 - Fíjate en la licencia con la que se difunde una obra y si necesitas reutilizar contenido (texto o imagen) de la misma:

__________

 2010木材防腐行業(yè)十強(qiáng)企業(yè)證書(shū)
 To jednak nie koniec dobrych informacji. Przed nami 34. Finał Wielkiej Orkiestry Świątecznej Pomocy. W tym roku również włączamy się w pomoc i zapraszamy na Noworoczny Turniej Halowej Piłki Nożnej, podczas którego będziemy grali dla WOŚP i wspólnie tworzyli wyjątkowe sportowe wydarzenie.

__________

(Work task) Please give an exact copy of the entries above, from the line with "2010木材防腐行業(yè)十強(qiáng)企業(yè)證書(shū)" down to the line with "To jednak nie", inclusive, and nothing else.

(Reply)
 2010木材防腐行業(yè)十強(qiáng)企業(yè)證書(shū)
 To jednak nie koniec dobrych informacji. Przed nami 34. Finał Wielkiej Orkiestry Świątecznej Pomocy. W tym roku również włączamy się w pomoc i zapraszamy na Noworoczny Turniej Halowej Piłki Nożnej, podczas którego będziemy grali dla WOŚP i wspólnie tworzyli wyjątkowe sportowe wydarzenie.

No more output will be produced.